First Lasing of a Free Electron Laser in the Soft X-Ray Spectral Range with Echo Enabled Harmonic Generation

7

E. Allaria, A. Abrami, L. Badano, M. Bossi, N. Bruchon, F. Capotondi, D. Castronovo, M. Cautero, P. Cinquegrana, M. Coreno, I. Cudin, M.B. Danailov, G. De Ninno, A.A. Demidovich, S. Di Mitri, B. Diviacco, W.M. Fawley, M. Ferianis, L. Foglia, G. Gaio, F. Giacuzzo, L. Giannessi, S. Grulja, F. Iazzourene, G. Kurdi, M. Lonza, N. Mahne, M. Malvestuto, M. Manfredda, C. Masciovecchio, N.S. Mirian, I. Nikolov, G. Penco, E. Principi, L. Raimondi, P. Rebernik Ribič, R. Sauro, C. Scafuri, P. Sigalotti, S. Spampinati, C. Spezzani, L. Sturari, M. Svandrlik, M. Trovò, M. Veronese, D. Vivoda, M. Zaccaria, D. Zangrando, M. Zangrando
Elettra-Sincrotrone Trieste S.C.p.A., Basovizza, Italy
H.-H. Braun, E. Ferrari, E. Prat, S. Reiche
PSI, Villigen PSI, Switzerland
N. Bruchon
University of Trieste, Trieste, Italy
M. Coreno
CNR-ISM, Trieste, Italy
M.-E. Couprie, A. Ghaith
SOLEIL, Gif-sur-Yvette, France
G. De Ninno
University of Nova Gorica, Nova Gorica, Slovenia
C. Feng
SARI-CAS, Pudong, Shanghai, People’s Republic of China
F. Frassetto, L.P. Poletto
LUXOR, Padova, Italy
D. Garzella
CEA, Gif-sur-Yvette, France
V. Grattoni
DESY, Hamburg, Germany
E. Hemsing
SLAC, Menlo Park, California, USA
P. Miotti
CNR-IFN, Padova, Italy
G. Penn
LBNL, Berkeley, California, USA
M.A. Pop
MAX IV Laboratory, Lund University, Lund, Sweden
E. Roussel
PhLAM/CERCLA, Villeneuve d’Ascq Cedex, France
T. Tanikawa
EuXFEL, Schenefeld, Germany
D. Xiang
Shanghai Jiao Tong University, Shanghai, People’s Republic of China

We report on the successful operation of a Free Electron Laser (FEL) in the Echo Enabled Harmonic Generation (EEHG) scheme at the FERMI facility at Sincrotrone Trieste. The experiment required a modification of the FEL-2 undulator line which, in normal operation, uses two stages of high-gain harmonic generation separated by a delay line.

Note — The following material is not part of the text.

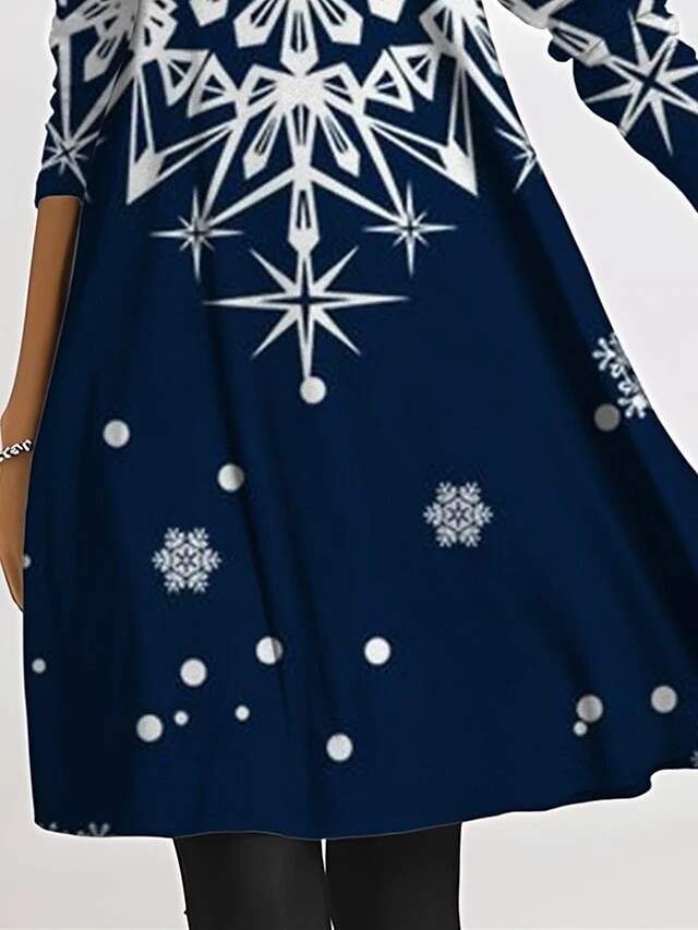Women’s Casual Dress Christmas Dress Winter Dress Snowflake Print Turtleneck Mini Dress Fashion Modern Outdoor Christmas Long Sleeve Regular Fit Navy Blue Fall Winter S M L XL XXL

In addition to a new seed laser, the dispersion in the delay-line was increased, the second stage modulator changed and a new manipulator installed in the delay-line chicane hosting additional diagnostic components. With this modified setup we have demonstrated the first evidence of strong exponential gain in a free electron laser operated in EEHG mode at wavelengths as short as 5 nm.

Slides MOA02 [5.133 MB]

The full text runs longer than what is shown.